- [What you have to do]: In the records below, find the line with "نيابة عن خادم", then copy each line exactly until you have copied the line with "那么,在這次的科研項目管理改". Leave any picture out.

- [Stored data]:
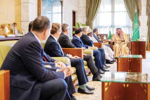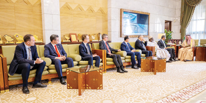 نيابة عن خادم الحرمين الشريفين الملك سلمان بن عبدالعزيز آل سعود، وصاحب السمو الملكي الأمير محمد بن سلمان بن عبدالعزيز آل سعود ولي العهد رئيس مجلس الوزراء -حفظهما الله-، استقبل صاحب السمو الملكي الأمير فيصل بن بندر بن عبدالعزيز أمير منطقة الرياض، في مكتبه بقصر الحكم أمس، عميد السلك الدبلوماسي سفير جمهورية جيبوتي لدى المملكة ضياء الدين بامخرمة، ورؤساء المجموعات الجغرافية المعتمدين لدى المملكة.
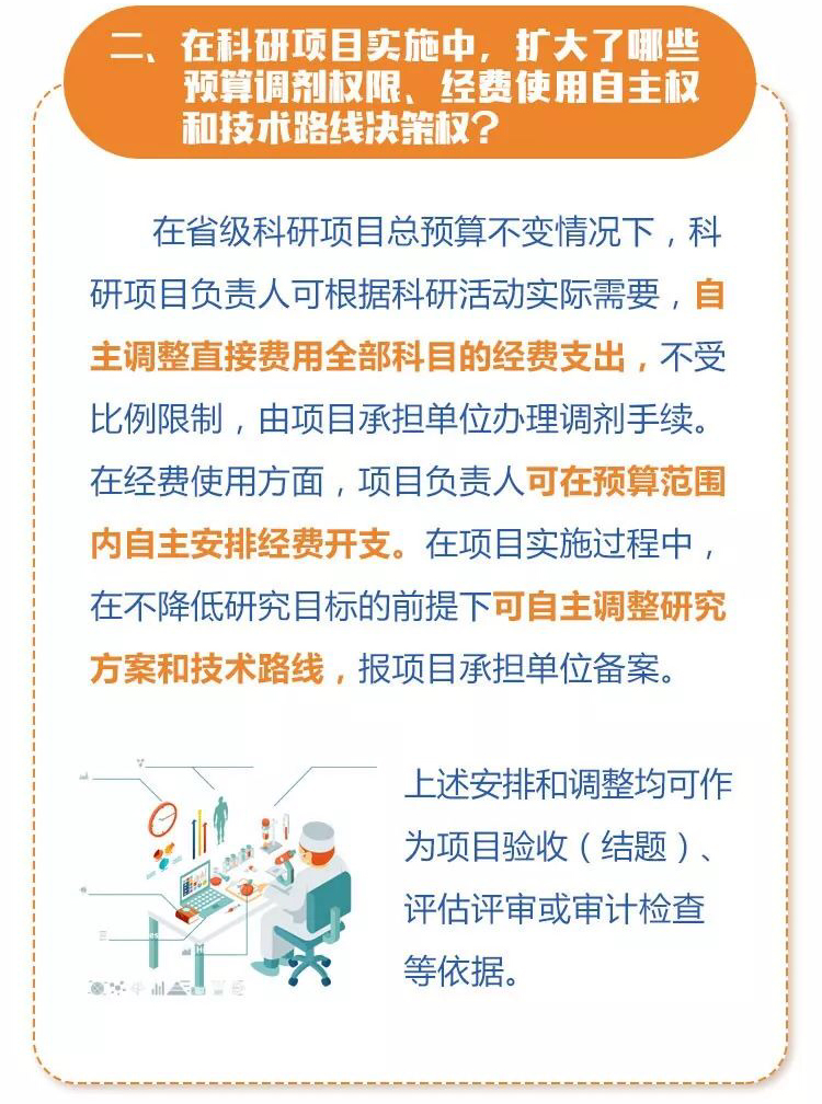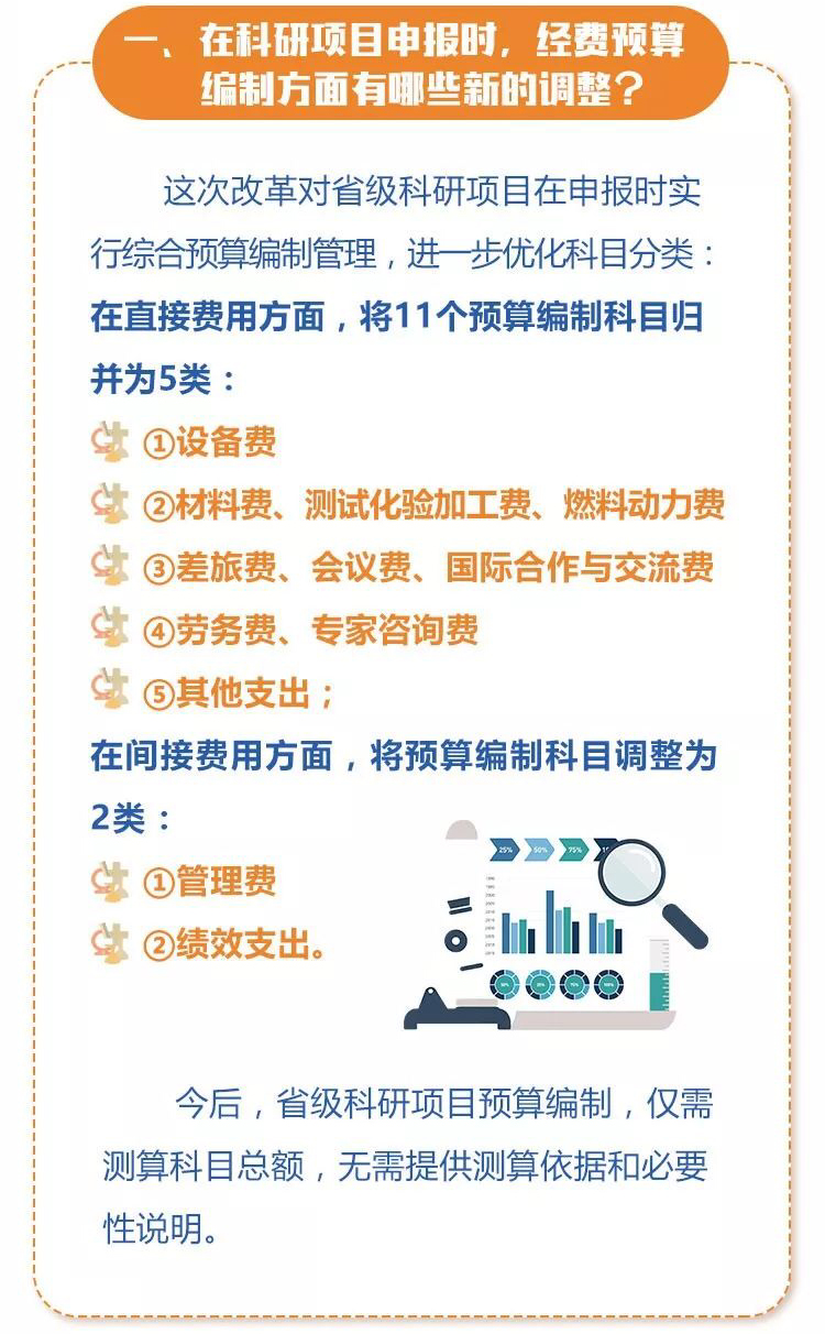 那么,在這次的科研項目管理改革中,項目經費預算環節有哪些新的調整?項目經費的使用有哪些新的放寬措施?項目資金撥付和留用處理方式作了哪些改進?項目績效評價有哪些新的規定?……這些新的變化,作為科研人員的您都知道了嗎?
==
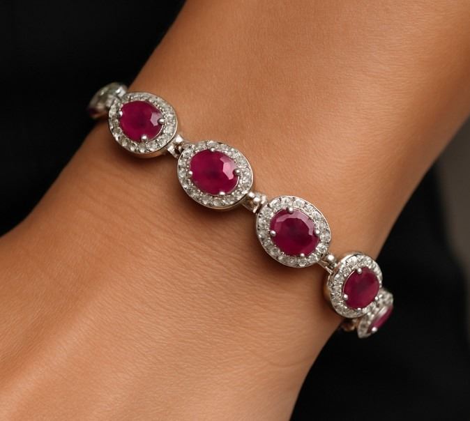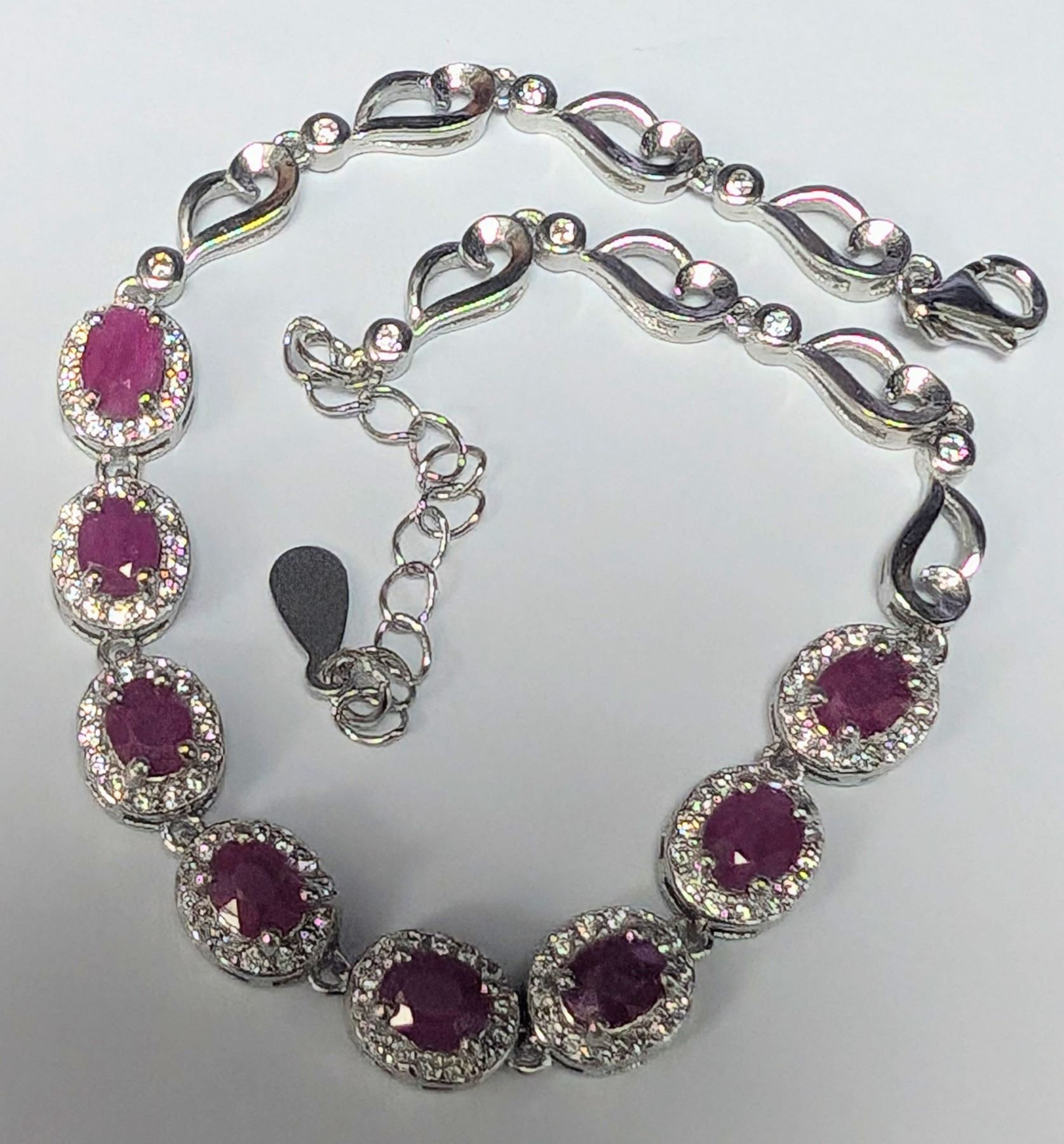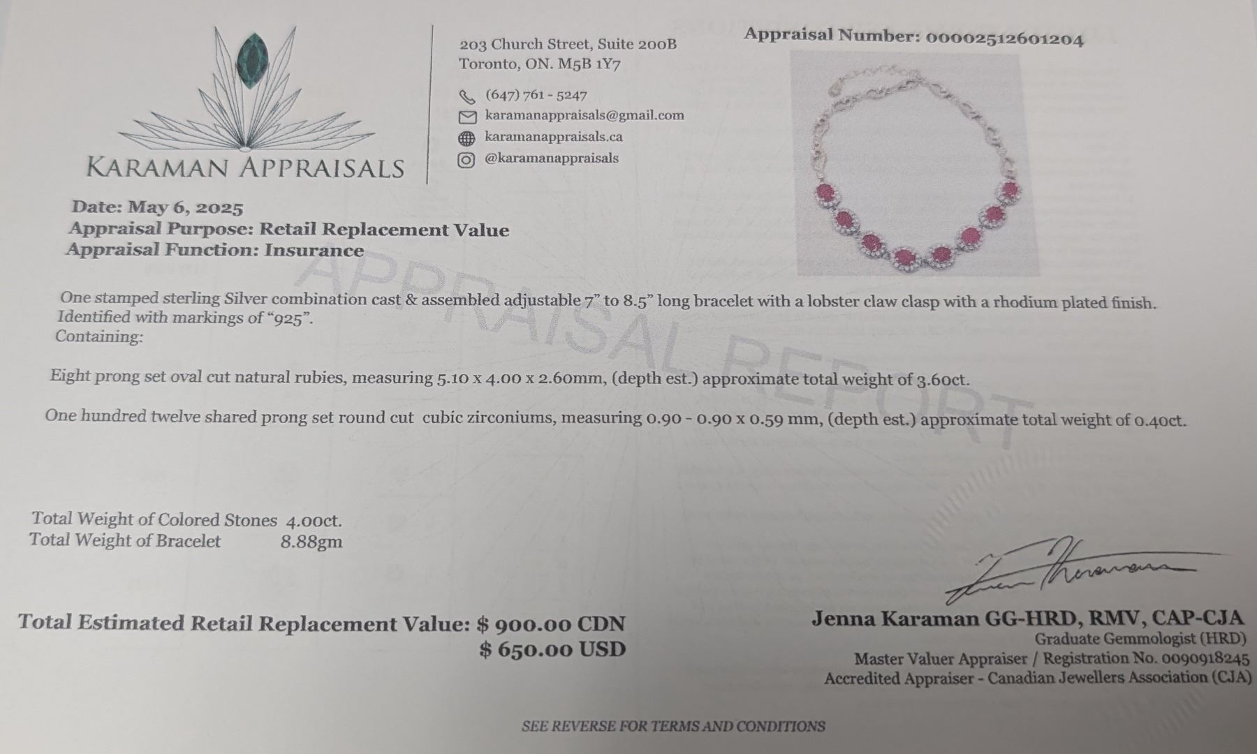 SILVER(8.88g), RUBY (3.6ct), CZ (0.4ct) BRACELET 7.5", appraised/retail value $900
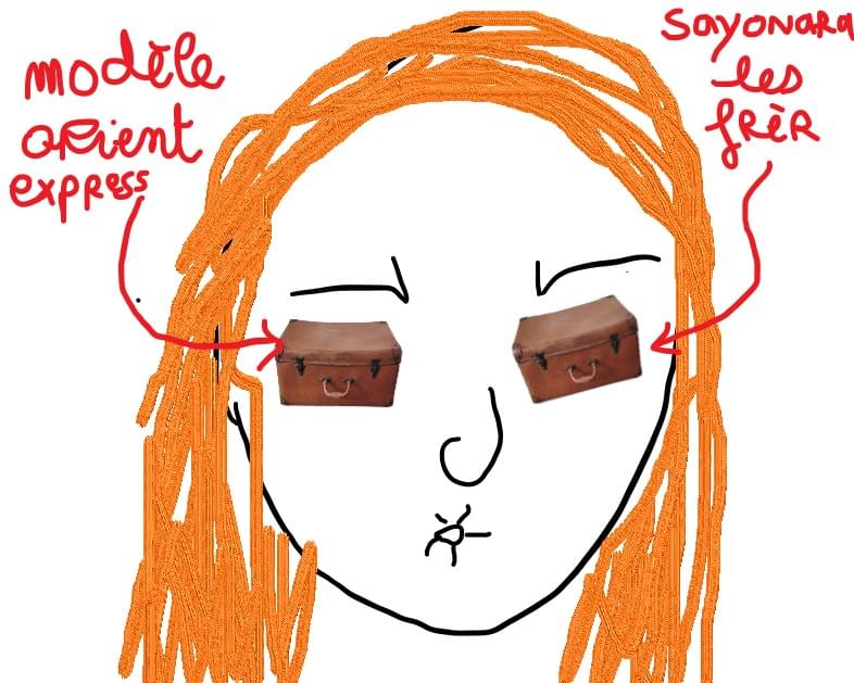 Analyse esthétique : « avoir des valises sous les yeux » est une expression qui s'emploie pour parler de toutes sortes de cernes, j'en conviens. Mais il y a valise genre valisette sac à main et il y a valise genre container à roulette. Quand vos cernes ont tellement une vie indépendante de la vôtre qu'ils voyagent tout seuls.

- [Response area]:
 نيابة عن خادم الحرمين الشريفين الملك سلمان بن عبدالعزيز آل سعود، وصاحب السمو الملكي الأمير محمد بن سلمان بن عبدالعزيز آل سعود ولي العهد رئيس مجلس الوزراء -حفظهما الله-، استقبل صاحب السمو الملكي الأمير فيصل بن بندر بن عبدالعزيز أمير منطقة الرياض، في مكتبه بقصر الحكم أمس، عميد السلك الدبلوماسي سفير جمهورية جيبوتي لدى المملكة ضياء الدين بامخرمة، ورؤساء المجموعات الجغرافية المعتمدين لدى المملكة.
 那么,在這次的科研項目管理改革中,項目經費預算環節有哪些新的調整?項目經費的使用有哪些新的放寬措施?項目資金撥付和留用處理方式作了哪些改進?項目績效評價有哪些新的規定?……這些新的變化,作為科研人員的您都知道了嗎?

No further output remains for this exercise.